Bielszowice (Bielschowitz) is a district in the west of Ruda Śląska, Silesian Voivodeship, southern Poland. In 2006 it had an area of 10.6 km^{2} and was inhabited by 9,505 people. On January 12, 2006 a part of it was split off to form a new district, Czarny Las.

== History ==
The settlement was first mentioned in 1452 as Bilechowitz. It was a seat of a Catholic parish in Diocese of Kraków, established probably around 1440. The village was annexed by Prussia in the 18th century, and from 1871 it was also part of Germany.
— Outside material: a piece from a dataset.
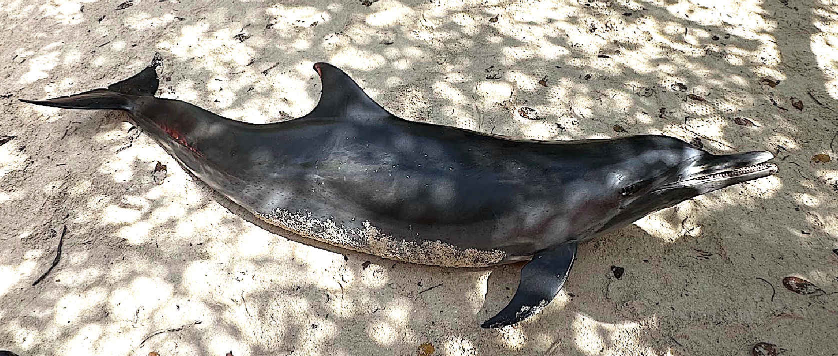 Segun relato di testigonan, a observa tres dolfijn inicialmente, di cual uno tabata den e areanan poco hundo y tabata mustra señal di dificultad. Algun hende tabata landa cu e dolfijn y saca potret; el a ser hiba tera ora el a muri, y na e momento ey a tuma contacto cu AMMF.

Beginning with the 19th century it was heavily affected by industrial development. Bielszowice Coal Mine was built in years 1896–1904. In 1891 the German state purchased the village from private hands.
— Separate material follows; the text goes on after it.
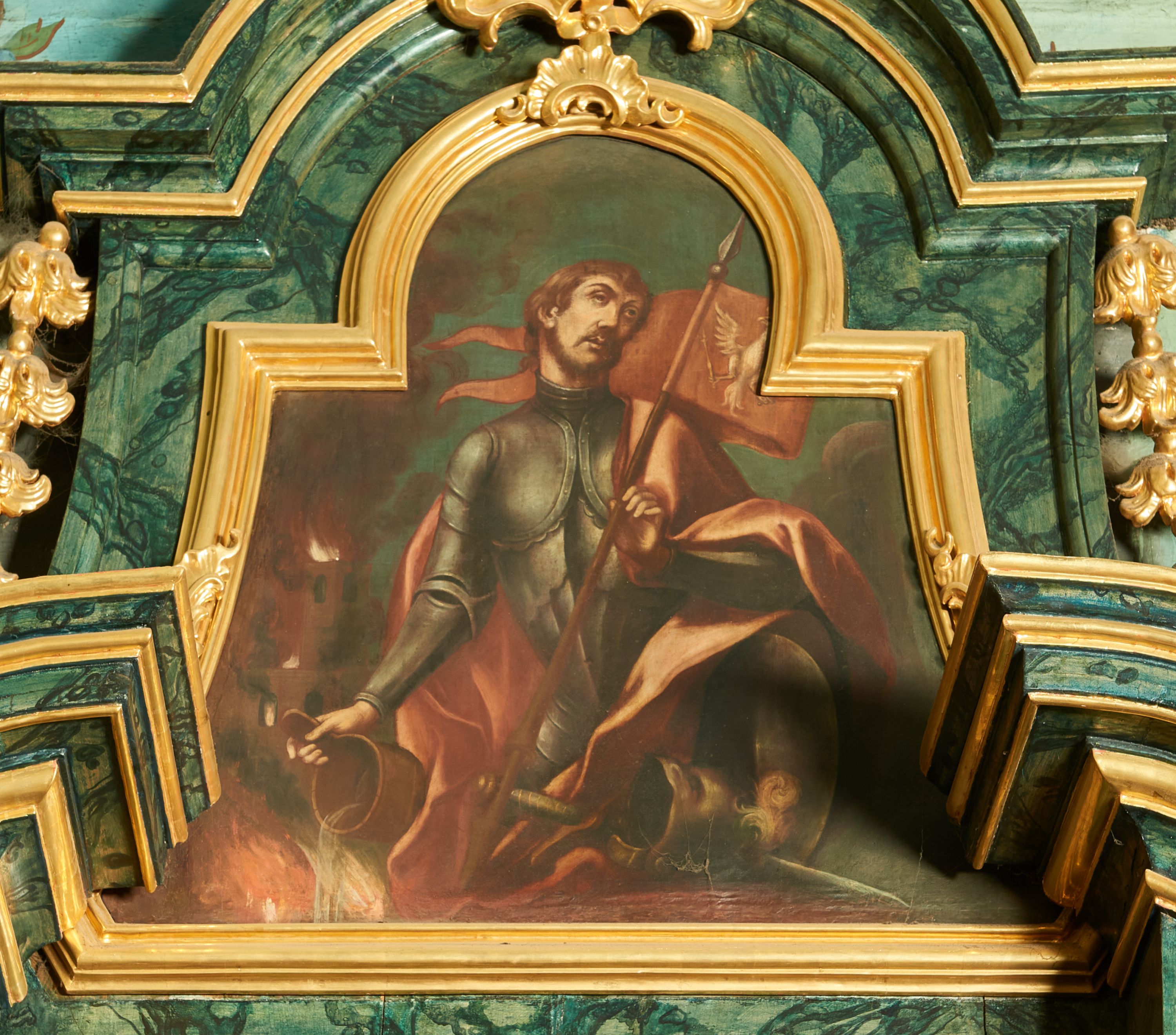 Obraz w formie zbliżonej do trapezu zamkniętego łukiem półkolistym nadwieszonym, o wklęsłych bokach. W centrum św. Florian ukazany w półpostaci, zwrócony w trzech czwartych w prawo, z głową skierowaną w przeciwną stronę. W lewej, ugiętej ręce trzyma drzewce czerwonego sztandaru z wizerunkiem białego orła, w prawej, wyciągniętej w bok trzyma cebrzyk, z którego wylewa wodę na płomienie. Twarz ma owalną, o niskim czole, małych okrągłych oczach, uniesionych brwiach, wąskim nosie i pełnych ustach; okoloną krótkimi, brązowymi włosami i brodą. Ubrany jest w metalową zbroję płytową, na lewy bok ma zarzucony czerwony, rozwiany płaszcz. Przed świętym, w prawym dolnym rogu obrazu leżą tarcza, miecz i hełm z pióropuszem. W lewej części obrazu, w tle ukazany płonący budynek. Święty przedstawiony na tle niebieskiego nieba z szarymi obłokami.

After World War I in the Upper Silesia plebiscite 4,546 out of 6,461 voters in Bielszowice voted in favour of rejoining Poland which just regained independence, against 1,874 opting for staying in Germany. Afterwards it became a part of Silesian Voivodeship, Second Polish Republic. During the German invasion of Poland, which started World War II, the village was invaded and then occupied by Nazi Germany, and already on September 3, 1939 the Germans carried out the first execution of a local Polish man (see Nazi crimes against the Polish nation). Edmund Kokot, notable local member of the Polish resistance movement, who as its secret agent joined and infiltrated the German SA, was publicly hanged by the Germans in Bielszowice in 1942. There is monument at the execution site. After the war, the settlement was restored to Poland.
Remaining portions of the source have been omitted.